Currently, coke oven feed is crushed to size specifications of approximately 85% passing 3mm. It is known that some coals require more energy than others to meet this specification, and generally, adjustments to milling configurations are made empirically. The major objective of this project was to develop models for the swing hammer mills under varying machine conditions to assist in the beneficiation of coke oven feeds. It was required that the models be capable of predicting hammer mill products for given feed properties and machine configurations. Alternatively, to achieve a required product from a given feed the models should be able to indicate the machine settings. The outcome of a successful simulation model is the capability to simulate the impact of changing blends or mill configurations to achieve a desired coke oven feed size distribution.

This project combined studies by JKMRC, Callcott Consulting Pty Ltd (CCPL), the CSIRO and BHP Port Kembla Steelworks. The approach of the project was to:

• Conduct an audit on the industrial hammer mill operation at Port Kembla and collect feed samples for the BJD hammer mill tests;
• Characterise the laboratory breakage behaviour of coal using the single particle drop weight test developed at the JKMRC. Tests on coal samples from individual lithotypes and the Port Kembla (PK) hammer mill feed were used to generate the breakage functions for JKMRC modelling;
• Conduct pilot scale hammer mill tests at varying operating conditions;
• Use the data to develop and calibrate hammer mill models for both the pilot scale BJD and the industrial mill at Port Kembla.

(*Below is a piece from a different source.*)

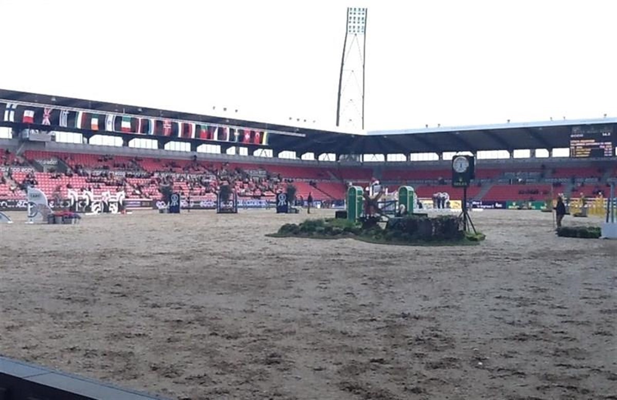 Charlotte Lund og Cartani red en rigtig god tur, men fik to meget lette nedslag på spring 9 og 10, hvor bommene bare trillede. En foreløbig placering som nr. 33 efter 40 ryttere. Roger Yves Bost stadig i front.

Two models were developed and are presented in this report. One uses the JKMRC approach to energy-based mechanistic modelling (Part I), the other the Callcott mathematical model with a fundamental understanding of hammer mill behaviour (Part II). Spreadsheet versions of both models are available from the authors (Frank Shi, JKMRC and Tom Callcott, Callcott Consulting Pty Ltd).

Joan Esterle - phone 07 3327 4411, joan.esterle@csiro.au

Tom Callcott - phone 02 4968 3408, consulting@callcott.com.au

• Shi, F., et al., An energy-based model for swing hammer mills, Int. J. Mineral Processing., vol. 71, 2003, 147-166.

http://www.sciencedirect.com/science/article/pii/S0301751603000358

An energy-based swing hammer mill model has been developed for coke oven feed preparation. It comprises a mechanistic power model to determine the dynamic internal recirculation and a perfect mixing mill model with a dual-classification function to mimic the operations of crusher and screen.

The model parameters were calibrated using a pilot-scale swing hammer mill at various operating conditions. The effects of the underscreen configurations and the feed sizes on hammer mill operations were demonstrated through the fitted model parameters. Relationships between the model parameters and the machine configurations were established. The model was validated using the independent experimental data of single lithotype coal tests with the same BJD pilot-scale hammer mill and full operation audit data of an industrial hammer mill.

The outcome of the energy-based swing hammer mill model is the capability to simulate the impact of changing blends of coal or mill configurations and operating conditions on product size distribution. Alternatively, the model can be used to select the machine settings required to achieve a desired product.

• ACARP, The Hardgrove Grindability Index, ACARP Report, Feb., 1998.

https://www.acarp.com.au/Media/ACARP-WP-5-HardgroveGrindabilityIndex.pdf

This provides some discussion of the various types of mills used for preparation of coal as feed to power generation. It is followed by discussion of available graphics showing the link between HGI and mill capacity for various mill types.